The E & M Wing has made a number of references to the ICAP on different issue. A reference was made to the ICAP regarding non-compliance by the companies and the auditors to the requirements of IAS-25 and TR-23 issued by the ICAP regarding evaluation of investments in shares of the listed companies. The Institute furnished its reply on which it was advised to take corrective measures in the matter. The Institute finally issued a Circular (No.17/99) to its Member, both in practice and those working in Industry, to abide the requirements of the above referred standard and TR in letter & spirit.

L Treatment of surplus arising out of revaluation of fixed assets (section 235)

Where a company revalues its fixed assets, the increase in, or sums added by writing up of, the value of such assets as appearing in the books of accounts of the company shall be transferred to an account to be called "Surplus on Revaluation of Fixed Assets Account" and shown in the balancesheet of the company after Capital and Reserves.
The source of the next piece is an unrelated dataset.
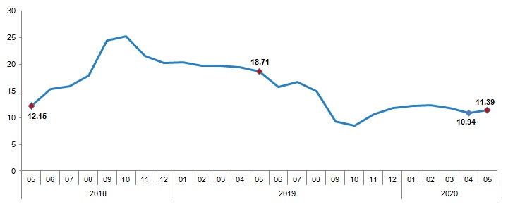 TÜİK, mayıs ayı Tüketici Fiyat Endeksi verilerini açıkladı. Enflasyon mayısta yüzde 1,36 artarken, yıllık bazda yüzde 11,39 oldu. Tüketici Fiyat Endeksi (TÜFE) mayısta aylık bazda yüzde 1,36, Yurt İçi Üretici Fiyat Endeksi (Yİ-ÜFE) yüzde 1,54 artış gösterdi. Yıllık enflasyon tüketici fiyatlarında yüzde 11,39, yurt içi üretici fiyatlarında yüzde 5,53 oldu. Türkiye İstatistik Kurumu (TÜİK) verilerine göre, mayıs ayı itibarıyla 12 aylık ortalamalar dikkate alındığında, tüketici fiyatları yüzde 12,1, yurt içi üretici fiyatları yüzde 9,14 arttı. Aylık bazda TÜFE yüzde 1,36, Yİ-ÜFE yüzde 1,54 artış gösterdi. TÜFE, mayısta geçen yılın aralık ayına göre yüzde 4,57, geçen yılın aynı ayına göre yüzde 11,39 yükseldi. Yİ-ÜFE ise Aralık 2019'a göre yüzde 6,15, geçen yılın mayıs ayına göre yüzde 5,53 arttı. TÜFE yıllık değişim oranları (%), Mayıs 2020

The SECP is carrying out an exercise to ascertain the impact of revaluation of fixed assets on profit and Loss account of listed companies and in this connection all the companies which have revalued their fixed assets were asked to give the requisite information and most of the companies have furnished required information. The M&E Division intends to take a policy decision in the matter so that the profits of the companies, which have revalued their assets are not suppressed due to this factor and the shareholders may continue to get adequate return on their investments.

M. Unlawful with-holding of payment of dividend

Section 251 of the Companies Ordinance, 1984 provides that when a dividend has been declared by a listed company, it shall not be lawful for the directors of the company to withheld or defer payment of dividend and Chief Executive of the company shall be responsible to make payment of dividend, in the manner, provided in Section 250 ibid within 45 days of the declaration. M/s. Quality Steel Mills Limited declared 10% dividend for the period ended 30.06.1998 in the AGM held on 26.08.1999 and have failed to make payment of the dividend to all the shareholders of the company within prescribed limit of the declaration of dividend. Similarly M/s. United Sugar Mills Limited declared 5% interim dividend for the half year ended on 31.03.1999 and have also failed to make the payment to all the shareholders for which both the companies have been issued show cause notices under Section 251 of the Companies Ordinance, 1984. The Commission intends to file prosecution proceedings against the managements of these companies for unlawful withholding of payment of dividend to their shareholders.

N. Actions against the auditors

The E & M Wing has also started actions against the auditors for not giving proper audit reports. In one case notice under Section 260 has been issued. Efforts are made that auditors become more responsible while giving their reports on the accounts of the listed companies.

O. Complaints received from the shareholders/stock exchanges

The M&E Division has started taking immediate actions on the complaints which are received from the shareholders of the Stock Exchanges against the management of the listed companies. During the period under review, large number of complaints were received from the shareholders/Karachi Stock Exchange out of which necessary actions were completed in most of the cases whereas remaining cases are under examination/finalization.